Touching him, she fell asleep.
* * *
The nightmares wouldn’t let her go. In some distant part of her brain she heard her own whimpering, heard Sophie say, “Maman, you’re taking all the blankets,” but none of it wakened her. In her nightmare, she was in a chair, being interrogated. The boy, Daniel. He’s a Jew. Give him to me, Von Richter said, shoving his gun in her face … then his face changed, melted a little, and he turned into Beck, who was holding the photograph of his wife and shaking his head, but the side of his face was missing … and then Isabelle lying on the floor, bleeding, saying, I’m sorry Vianne, and Vianne was yelling. You’re not welcome here …

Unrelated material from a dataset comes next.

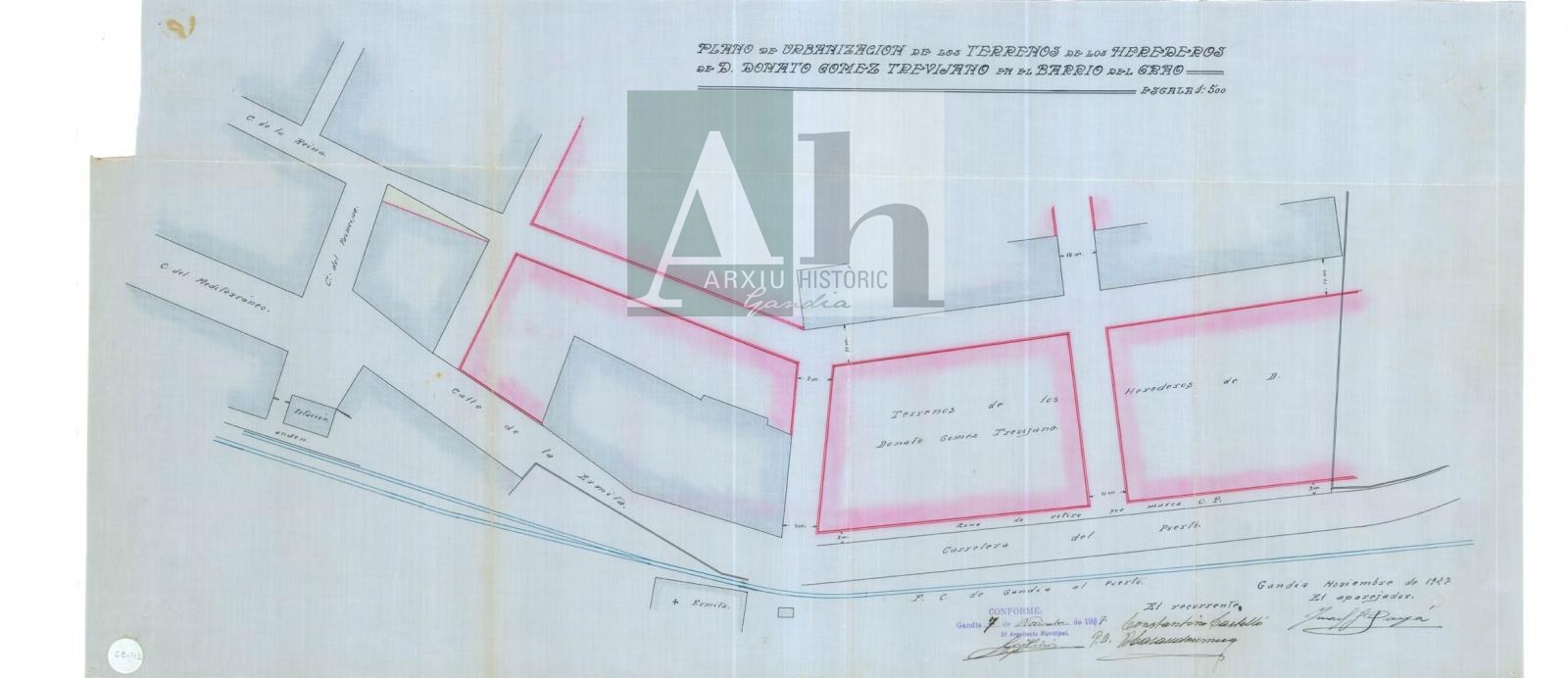 Títol: Plànol d'urbanització dels terrenys propietat dels hereus de Donato Gómez Trevijano en el Grau

Vianne woke with a start, breathing hard. The same nightmares had plagued her for six days; she consistently woke feeling exhausted and worried. It was November now, and there had been no word about Isabelle at all. She eased out from beneath the blankets. The floor was cold, but not as cold as it would be in a few weeks. She reached for the shawl she’d left on the foot of the bed and wrapped it around her shoulders.
Von Richter had claimed the upstairs bedroom. Vianne had abandoned the floor to him, choosing to move with her children into the smaller downstairs bedroom, where they slept together on the double bed.
Beck’s room. No wonder she dreamed of him in here. The air held on to his scent, reminded her that the man she’d known no longer lived, that she had killed him. She longed to do penance for this sin, but what could she do? She had killed a man—a decent man, in spite of it all. It didn’t matter to her that he was the enemy or even that she’d done it to save her sister. She knew she had made the right choice. It wasn’t right or wrong that haunted her. It was the act itself. Murder.
She left the bedroom and closed the door behind her, shutting it with a quiet click.
Von Richter sat on the divan, reading a novel, drinking a cup of real coffee. The aroma made her almost sick with longing. The Nazi had billeted here for several days already, and each of those mornings had smelled of rich, bitter roasted coffee—and Von Richter made sure she smelled it, and wanted it. But she couldn’t have so much as a sip; he made sure of that, too. Yesterday morning he had dumped an entire pot into the sink, smiling at her as he did so.